Der Absturz hat die Aufmerksamkeit auf die Sicherheitsbilanz von VSR Ventures gelenkt, nachdem Berichte aufkamen, dass ein dem gleichen Betreiber zugeordneter Learjet 45XR mit der Registrierung VT-DBL am 14. September 2023 bei starkem Regen am Flughafen Mumbai eine Notlandung vollziehen hatte. Bei jenem Vorfall war das Flugzeug nach einer Autopilot-Abschaltung von der Landebahn abgekommen, wobei mehrere Cockpit-Warnungen einschließlich Stall-Warnungen ertönten. Das Amt für Flugunfalluntersuchung hat ein Team zum Absturzort in Baramati entsandt und bestätigt, dass der Flugschreiber geborgen worden ist. Die Ermittler hoffen, dass die Daten klären, ob ein mechanisches Versagen, ein Pilotenfehler oder Wetterbedingungen wie eingeschränkte Sicht zu der Tragödie beigetragen haben.
Premierminister Narendra Modi bezeichnete die Nachricht als schockierend und zutiefst betrübend, beschrieb Pawar als einen volksnahen Führer mit starker Verwurzelung an der Basis und erklärte, sein Tod stelle einen tiefen Verlust für Maharashtra und das Land dar.
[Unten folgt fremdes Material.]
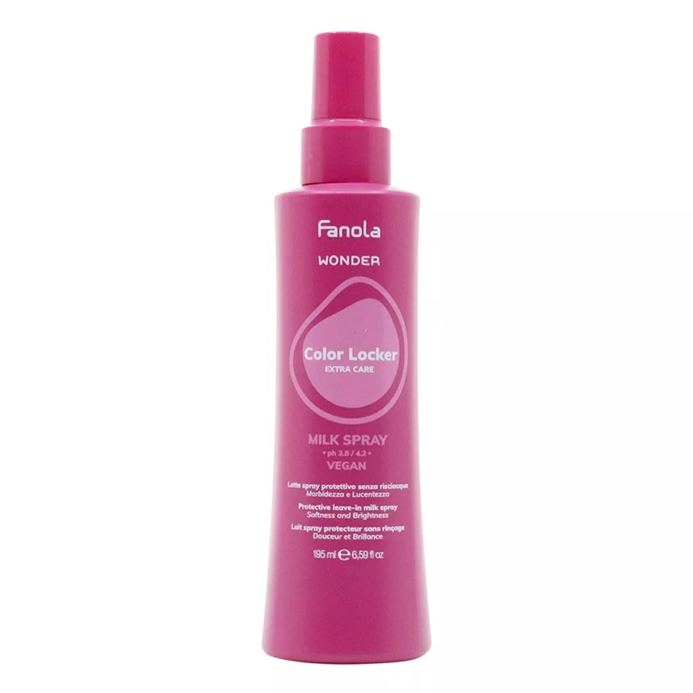 Odkryj profesjonalną pielęgnację włosów farbowanych z Fanola Wonder Color Locker Milk – lekkim sprayem w formie mleczka, który skutecznie przedłuża trwałość koloru, zapewniając jednocześnie intensywne odżywienie i olśniewający blask. Dzięki zaawansowanej, wegańskiej formule ten innowacyjny produkt sprawia, że Twoje włosy pozostają pełne życia, miękkie i gładkie, a ulubiony kolor zachwyca intensywnością przez długi czas.
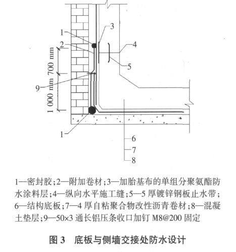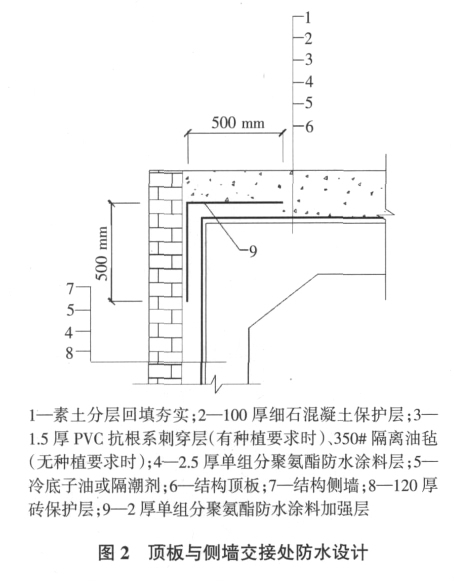 某地铁车站顶板和侧墙均设计使用了单组分聚氨酯防水涂料作为防水层。图 1 为该地铁车站防水设计;图 2 为该工程顶板与侧墙交接处防水设计;图 3为该工程底板与侧墙交接处防水设计。
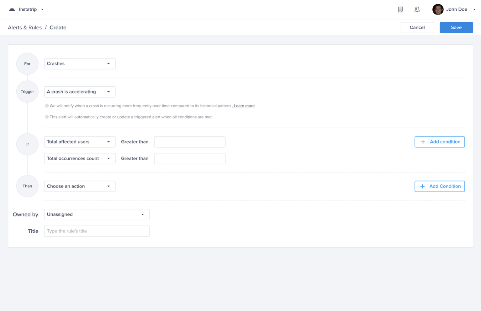 Luciq's new automatic detection of accelerating crashes alert type allows you to safely ignore non-critical crashes by notifying you only when a crash starts accelerating. This feature ensures that you can focus on significant crashes that require immediate attention without being overwhelmed by sporadic, non-critical crashes.
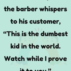 …and the barber whispers to his customer, “This is the dumbest kid in the world. Watch while I prove it to you.” The barber puts a dollar…
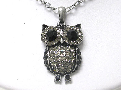 Crystal drop owl pendant neckalce
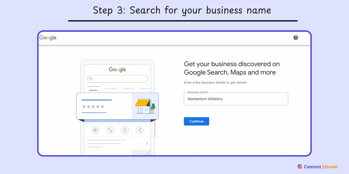 Type in your exact business name as it appears legally or as you want it to show up on Google. For this guide, we’re creating a new profile called Momentum Athletics. It won’t go live, as it goes against Google’s Business Profile guidelines. This is simply to show what the steps look like.

Maharashtras Ministerpräsident Devendra Fadnavis erklärte einen Feiertag und drei Tage Staatstrauer, während derer die Flaggen auf Halbmast wehen, Regierungsgebäude und Schulen geschlossen bleiben und öffentliche Veranstaltungen abgesagt werden. Fadnavis betonte, dass es Zeit brauche, eine solche Führungspersönlichkeit hervorzubringen, und dass Pawar einen großen Beitrag zur Entwicklung des Bundesstaates geleistet habe.
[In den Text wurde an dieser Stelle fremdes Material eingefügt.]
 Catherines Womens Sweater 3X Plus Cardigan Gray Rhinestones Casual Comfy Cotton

Die politischen Auswirkungen des Absturzes waren unmittelbar spürbar. Westbengalens Ministerpräsidentin Mamata Banerjee forderte eine vom Obersten Gerichtshof überwachte Untersuchung, während der Shiv-Sena-Politiker Sanjay Raut den Vorfall als dunklen Tag in der Politik Maharashtras bezeichnete und erklärte, die politische Landschaft des Bundesstaates sei ohne den als Dada bekannten Mann nichts. Der geschäftsführende NCP-Vorsitzende Praful Patel, Pawars Cousine und NCP-SCP-Führerin Supriya Sule, seine Ehefrau Sunetra Pawar und sein Sohn Parth Pawar eilten aus Neu-Delhi nach Baramati. Menschenmengen versammelten sich vor dem örtlichen Krankenhaus, in das sein Leichnam gebracht worden war.
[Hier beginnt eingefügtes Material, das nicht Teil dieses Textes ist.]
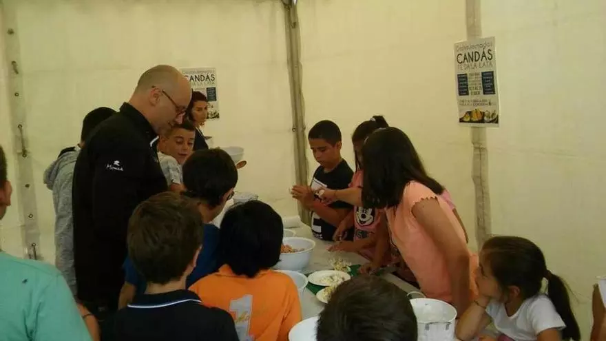 La empresa Gustatio impartió este fin de semana un taller infantil de cocina dentro del programa de la XXVII Feria de la Conserva de Candás, en el que los participantes -en la imagen- prepararon varios platos con productos envasados habitualmente en latas, como el paté de merluza y la crema de oricios, informa L. BLANCO.
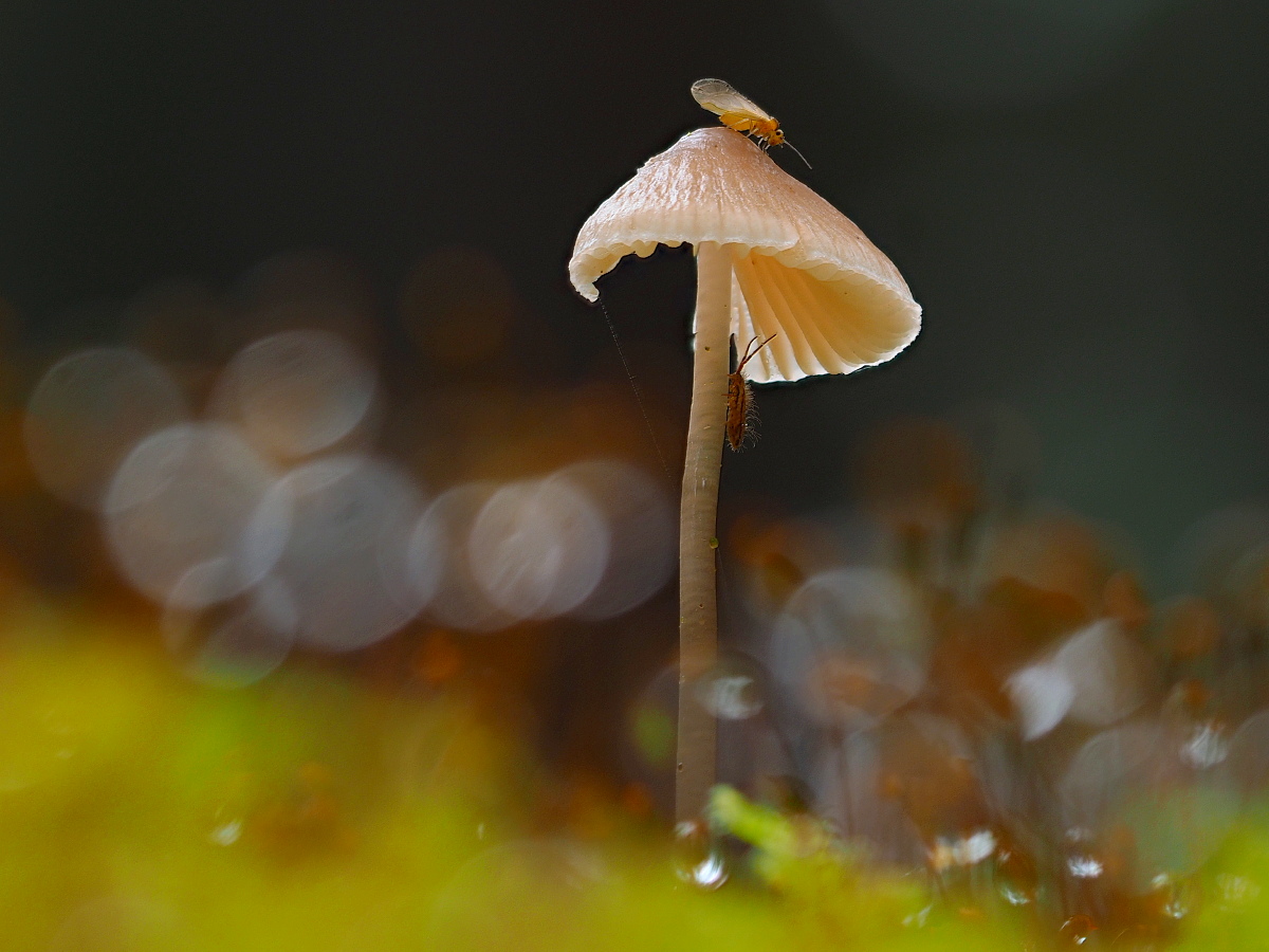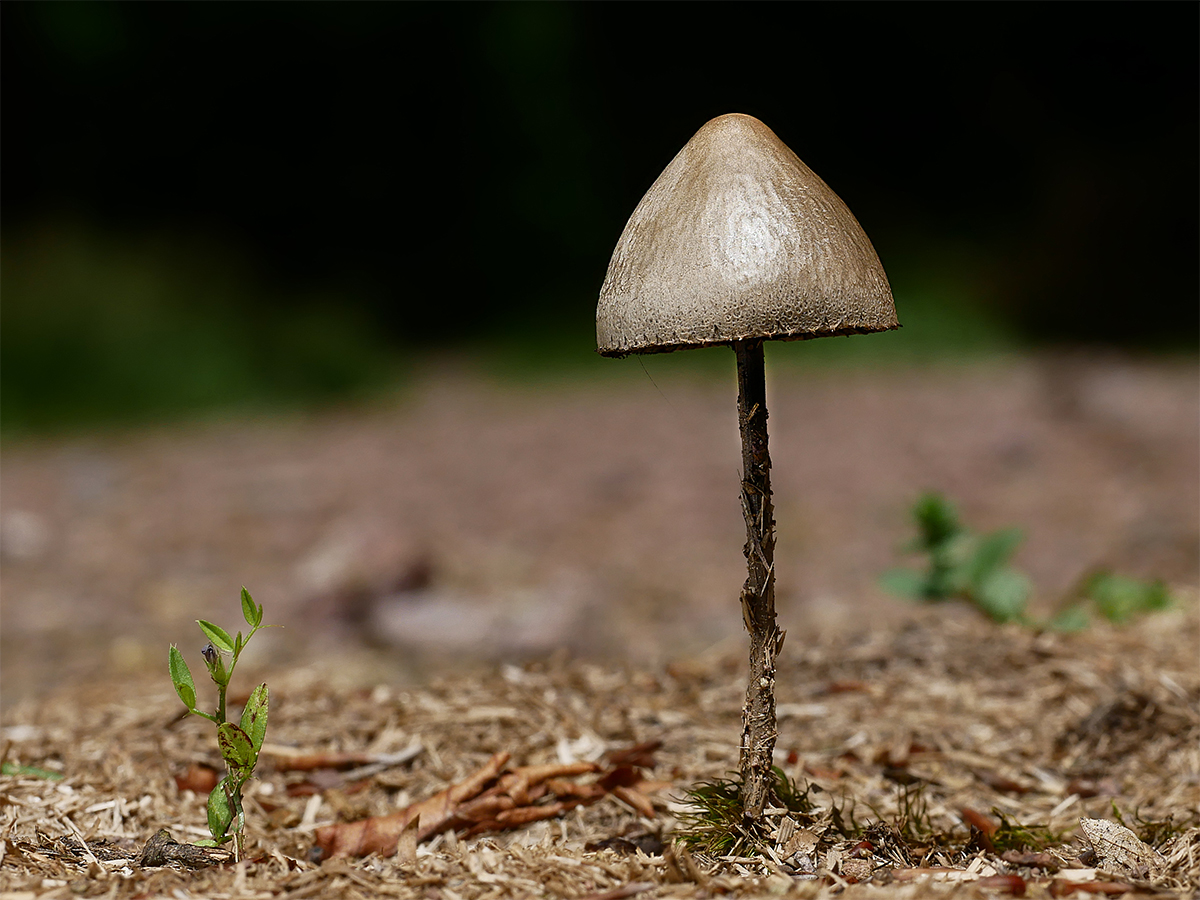 • Das Foto wäre vermutlich noch besser gewesen, wenn die Kamera noch etwas tiefer gelegen hätte und der Pilzhut somit vor dem schwarzen Hintergrund wäre.
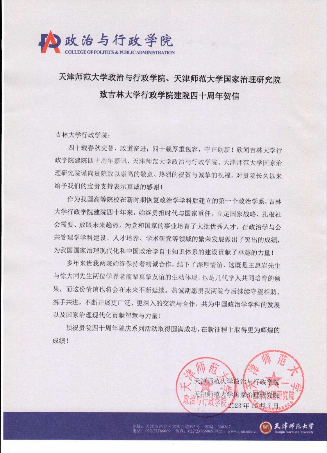天津师范大学政治与行政学院、国家治理研究院的贺信
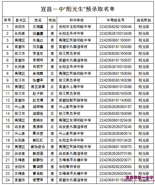 根据宜昌市教育局下发的《关于做好2022年城区综合高中特殊计划招生工作的通知》文件要求,现将2022年宜昌一中“阳光班”、“内尔班”预录取名单(按姓氏笔画排序)公示如下。公示时间:7月9日--7月11日,公示期内如有疑义,请致电:0717--6268770。
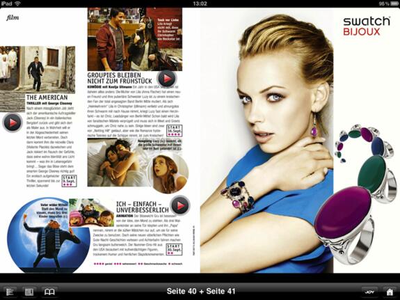 Wie bereits erwähnt, sind es vor allem die multimedialen Inhalte, welche für die lange Downloadzeit verantwortlich sind. Das schürt natürlich die Erwartungen, welche zumindest die Erstausgabe allerdings nicht erfüllt: Videos gibt es hauptsächlich bei den Kinoseiten und den Anzeigen. Trailer fest in ein Magazin einzubinden, ergibt allerdings keinen Sinn, sinnvoller wären Videos beispielsweise bei dem Farbspielerei-Artikel oder Mode-Artikeln. Der Rest der interaktiven Inhalte sind Verweise ins Web, eine Shopping-Liste wie die Glamour-App bietet die JOY nicht.

Ajit Pawar, 66 Jahre alt, war über drei Jahrzehnte hinweg eine der einflussreichsten Persönlichkeiten der Politik Maharashtras. Er baute seine politische Basis durch die genossenschaftliche Basisbewegung auf und gewann 1991 seine erste Wahl in Baramati, einem Wahlkreis, den er sechs aufeinanderfolgende Amtszeiten lang halten sollte. Er diente sechsmal als stellvertretender Ministerpräsident Maharashtras, ein Rekord, der ihn zum am längsten amtierenden Inhaber dieser Position in der Geschichte des Bundesstaates machte. Im Juli 2023 führte er eine dramatische Spaltung in der Nationalistischen Kongresspartei an, indem er sich von seinem Onkel und politischen Mentor Sharad Pawar trennte und der vom BJP geführten Mahayuti-Regierungsallianz beitrat.
Pawars Tod auf dem Höhepunkt seiner politischen Karriere hinterlässt eine erhebliche Lücke in der regierenden Koalition Maharashtras und in der von ihm geführten NCP-Fraktion. Politische Analysten merkten an, dass er lange danach gestrebt hatte, Ministerpräsident zu werden, ein Ziel, das ihm trotz jahrzehntelanger Tätigkeit als zweithöchster gewählter Amtsträger des Bundesstaates verwehrt geblieben war. Sein Tod dürfte einen Nachfolgekampf innerhalb seiner NCP-Fraktion auslösen und könnte die Dynamik der Mahayuti-Allianz vor künftigen Urnengängen verändern. Die formelle Untersuchung des Amtes für Flugunfalluntersuchung wird voraussichtlich Wochen oder Monate dauern, bevor eine endgültige Absturzursache festgestellt werden kann.